Publications in Computer Science grew exponentially since 1960. Starting in the 1970s, special interest groups started to form within the ACM around topic areas, each one with its annual conference. A similar thing happened in other professional societies, such as IFIP. Unlike the conferences in other fields, these conferences featured full-length, highly technical papers selected by committees of peers. The practice of technical publication featuring novel ideas without Mathematical or empirical basis continued throughout the 1970s and way into the 1980s.
By the mid-90s, however, things started to change. I’m old enough to remember this phase as a professional adult — I witnessed this transition. To a large extent, it was my generation that brought this transition about. Questions started to be raised: “This is cool but how are you going to validate your claims that your idea is good?” or “This is cool, but can you prove it?” or “Are you sure this is really novel? How is this different from that other thing?”, etc. One reason for this, I think, was the sheer volume of work being published; with so many ideas being thrown around, with so many words being used for similar concepts, and with so many commercial interests at stake, how could we separate the wheat from the chaff? Another reason, I think, was the realization by many that our field had the word “science” in it, but that very few — with the exception of the Mathematically-inclined — were actually doing it, so people scrambled to converge to methods accepted in other scientific communities that could be used in CS.

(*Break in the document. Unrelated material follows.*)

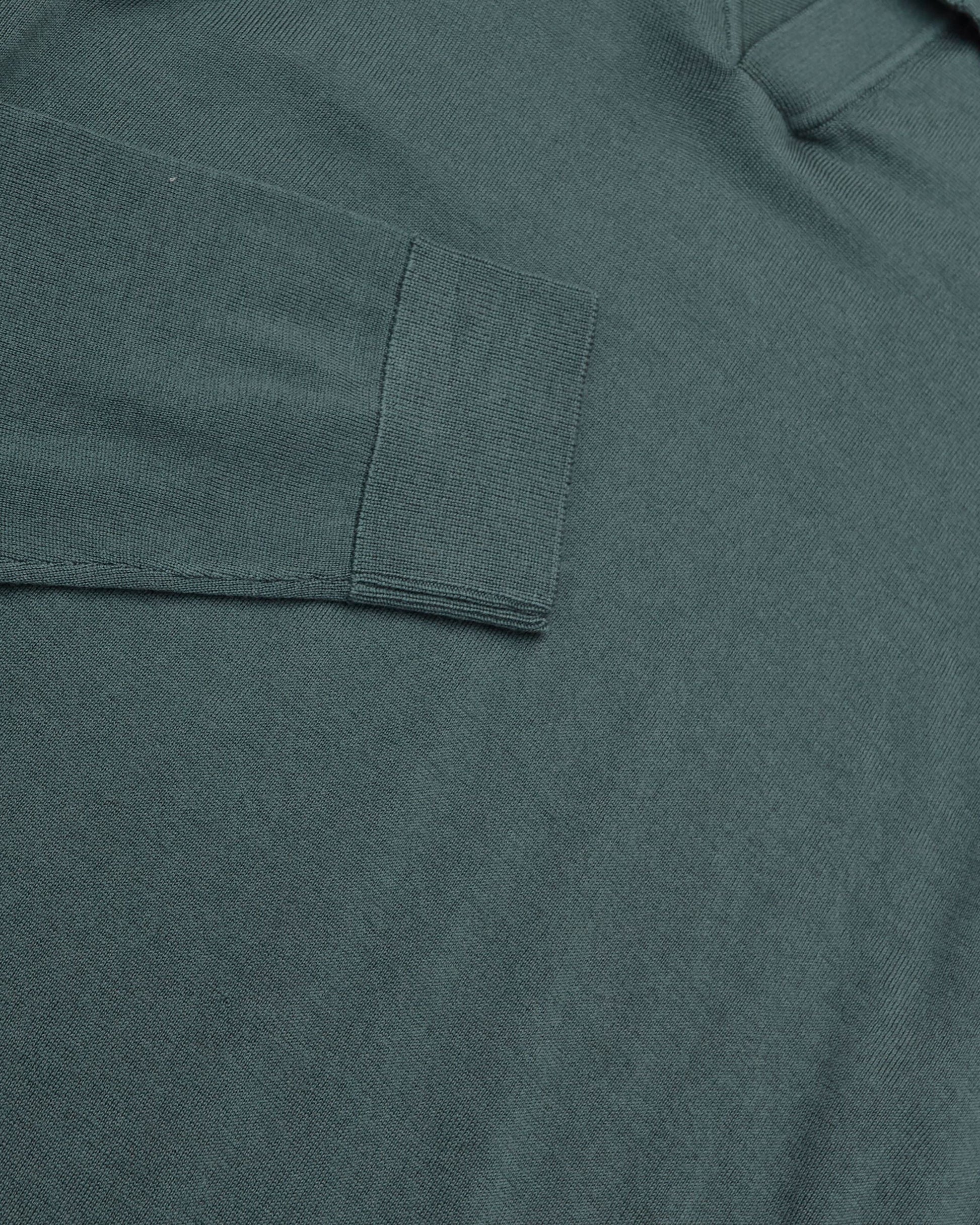 Colore verde scuro, in maglia di lana Merino. Design semplice con colletto a polo, privo di loghi o ricami visibili.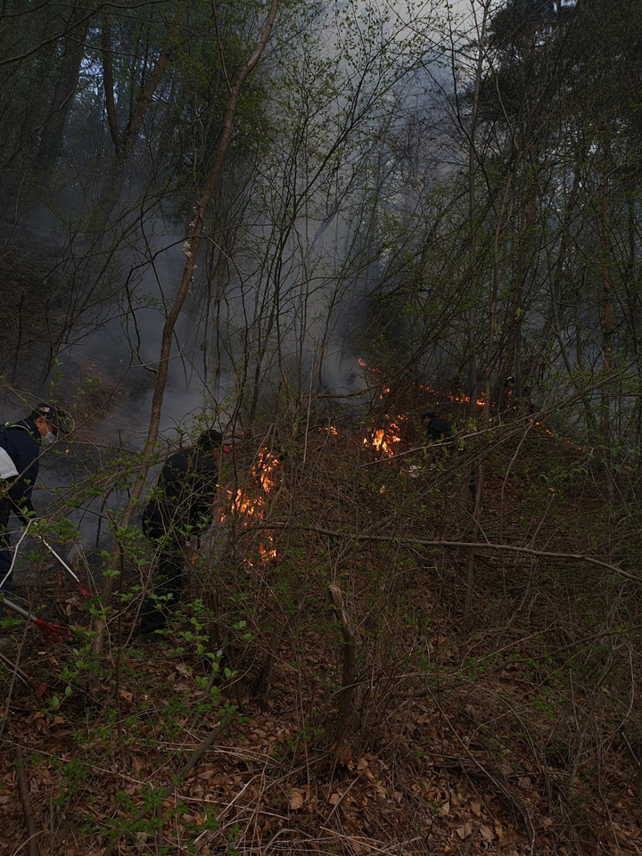 [순천=뉴시스] 김석훈 기자 =4일 오전 소방린력이 전남 순천시 송광면 야산의 산불을 끄기 위한 진화작업을 하고 있다. (사진=독자 제공). 2023.04.04. [email protected]

And so we came to the current state of affairs. Unevenly but steadily, “idea papers” and “opinion papers” have been essentially banned from CS research. Feasibility is usually not considered enough for arguing for the ideas, the work needs to present validation of those ideas — that being via performance numbers, Mathematical proofs, statistics on collections of data, or people-facing empirical methods. Granted, this is uneven; there are still a lot of good old strong opinions and tastes floating around! — e.g. types in PLs.
I have mixed feelings about this state of affairs, but I already wrote about that in another post. I like some of those old papers a lot! Had they not presented the “what & how to” without much regard for scientific argumentation, progress would likely have been a lot slower. Communities have their ways of separating the wheat from the chaff over time.